If I'd abeen astandin', I'd o' fallen down right there! All the breath went outa me -- I couldn' breathe atall for a while, an' I guess my eyes got bigger 'n horse apples! Down there at the botom o' that gulch was Jack. An' all around him was rabbits! There must have been a thousand of 'em -- an' you never seen anythin' stranger than what they was all adoin'!


They was adancin'! That's right! You heered me good. Them rabbits was adancin'! All in a big circle, they was, with Jack at the center, an' them rabbits was a hippity-hoppin' all around him -- an' they was makin' the weirdest danged noises you ever heered, noises you never thought a rabbit could make!

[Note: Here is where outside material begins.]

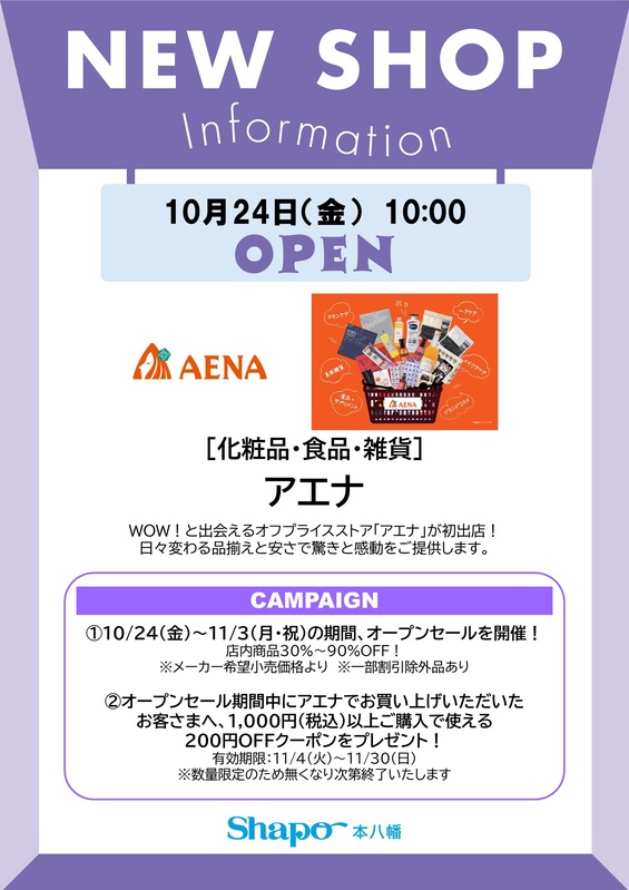トピックス 『アエナ』がオープン! WOW!と出会えるオフプライスストア「アエナ」が初出店! 日々変わる品揃えと安さで驚きと感動をご提供します。 開催日時 2025年10月24日 10:00オープン!! 場所 1階 アエナ tweetする Facebookでシェアする LINEで送る

Wal, I swear, I couldn'a moved if my britches had caught fire! My mouth was all ahangin' open an' my hair was apointin' at the moon, an' I hada slap myse'f to make sure I wasn' dreamin'!


Now, if that wasn't strange enough, all of a suddent, one o' them rabbits hopped over to Jack an' jumped right up so's both his big, furry feet was asittin' on Jack's boots! Then Jack retched down, an' with both hands he grabbed that little furball's ear -- an' they started adancin' together! It was jist like a little girl might do with her daddy -- an' jist as purty to watch. Moonlight fell down on them an' lit up that gulch, an' all the other rbbits started in ahoppin' up an' down an' agruntin' an' a hissin' in a weird kind o' rhythm, with some o' the biggest one's astompin' out a beat a little off to the side -- oh! I tell you, it wassomethin'!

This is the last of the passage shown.